In article <28299@watmath.waterloo.edu> gjditchfield@watmsg.waterloo.edu
(Glen Ditchfield) writes:
>
>I've heard suggestions that, if plain TextEdit is too simple for your
>editing needs, then somewhat fancier editors can be built by using TextEdit
>as a "paragraph engine".

TextEdit has a number of internal values stored as signed 16-bit integers.
This limits it to 32K bytes of data and (because there are pixel positions
also stored in 16-bit Points) about 2000 lines (32K / 16 pixel/line).
(This is explained in a recent Inside Mac).  There is also a limit to
the length of a line due to the 16-bit limit.

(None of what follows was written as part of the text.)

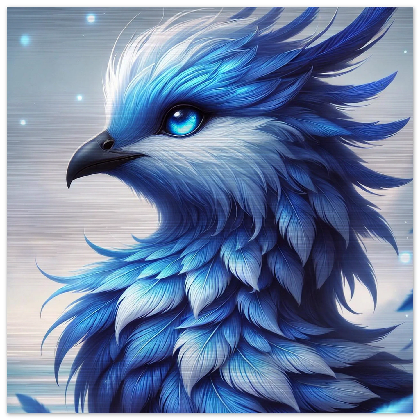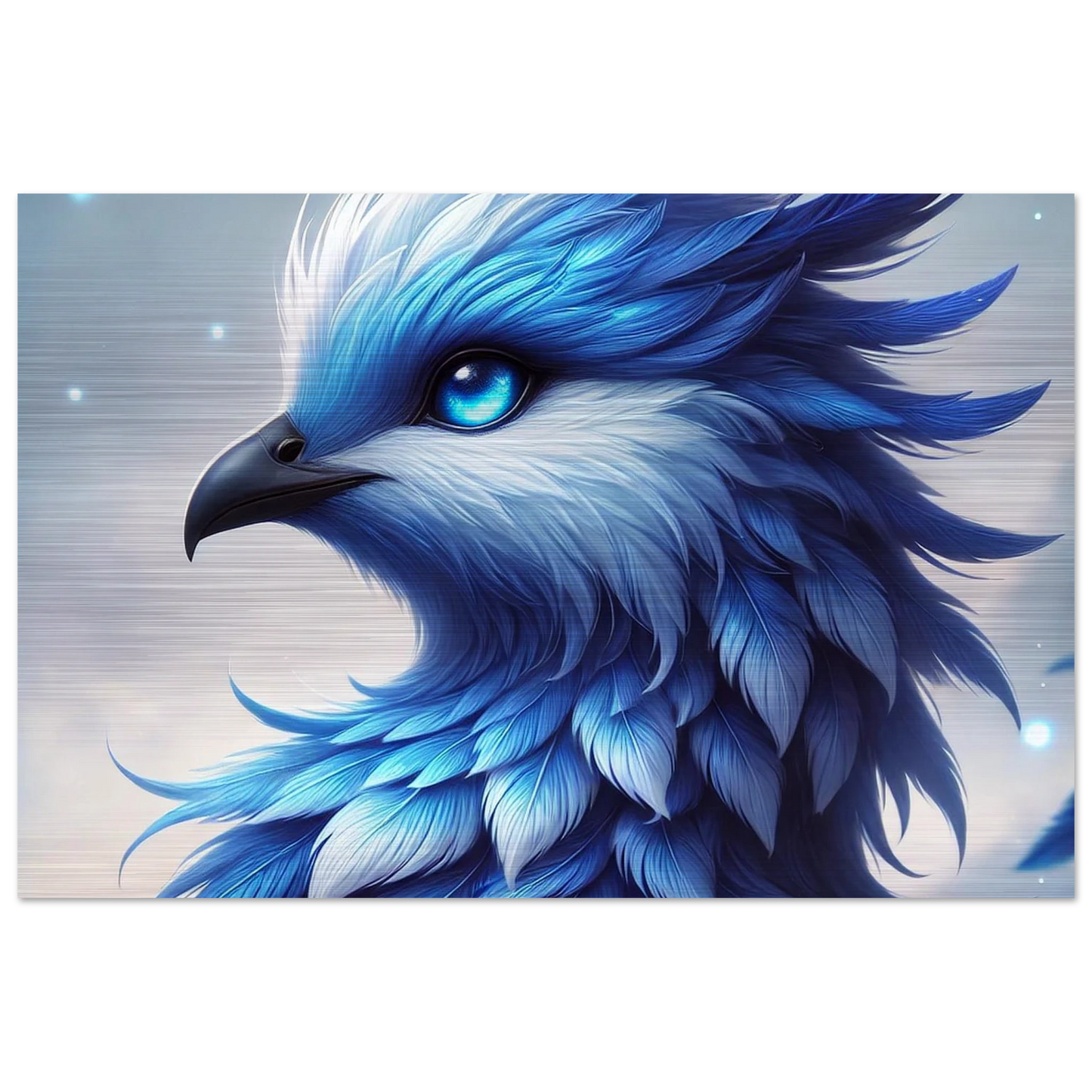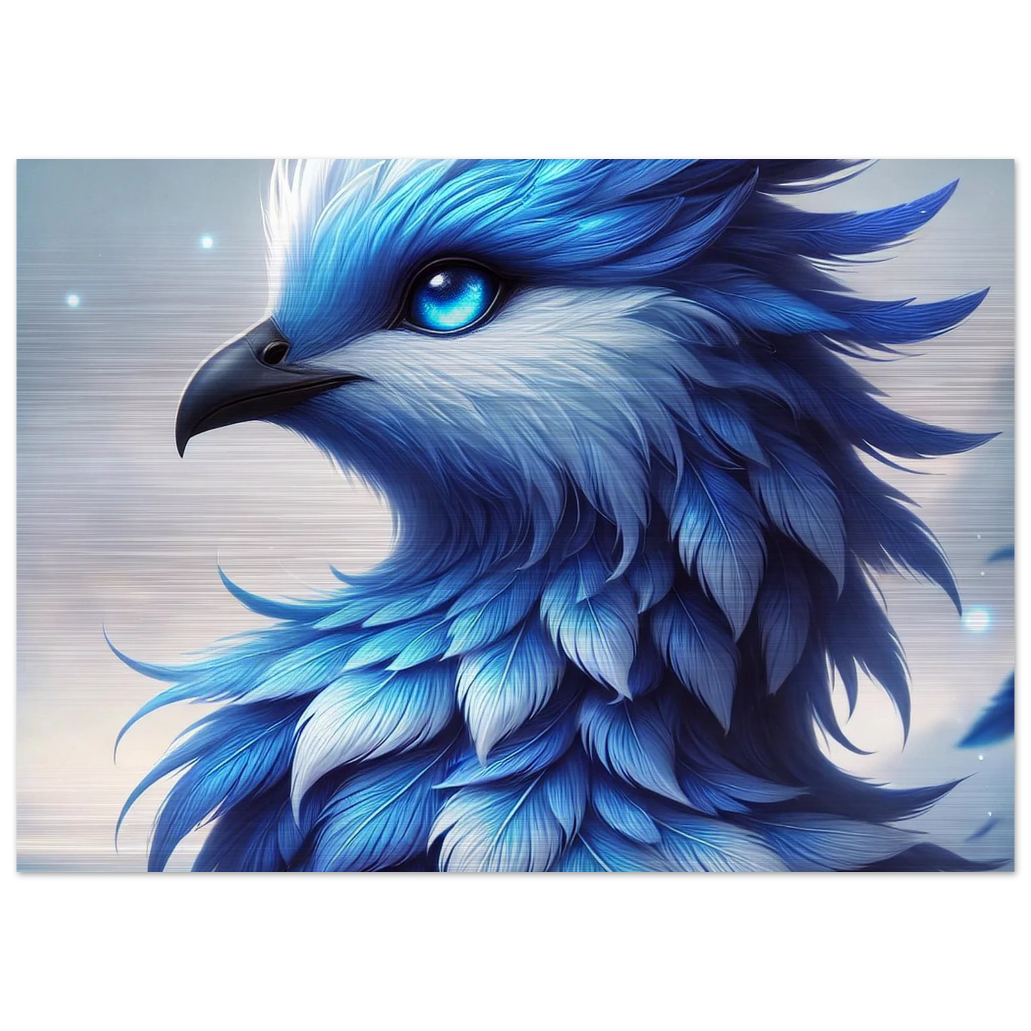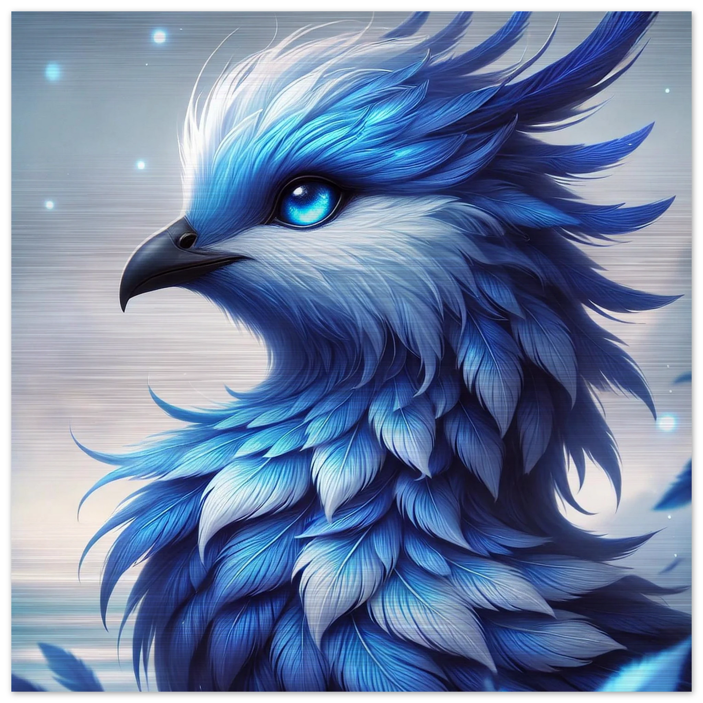 Erlebe Frostral, den Wächter des ewigen Winters, in einer ganz neuen Dimension – als Druck auf gebürstetem Aluminium. Die horizontale Maserung der silbernen DIBOND®-Platte verstärkt die frostige Dynamik seines Federkleids und verleiht dem Bild eine metallische Tiefe, die bei jeder Lichtveränderung neu wirkt. Weiße Bereiche bleiben unbedruckt, sodass das silberne Aluminium durchscheint – wie glitzernder Eisstaub im Morgenlicht.

If you are willing to position paragraphs on the screen, and do a lot
of the scrolling effort yourself, and not allow text selections  to extend
beyond one paragraph, you could "probably" create a separate TextEdit
record for each paragraph of your data.  It's a lot of work, though.

You could even create a TextEdit record for the window, adding and
removing chunks of text from the edit record as lines scroll in
and out of the screen.  Of course, with huge screens and tiny fonts,
you may still exceed TextEdit's limitations.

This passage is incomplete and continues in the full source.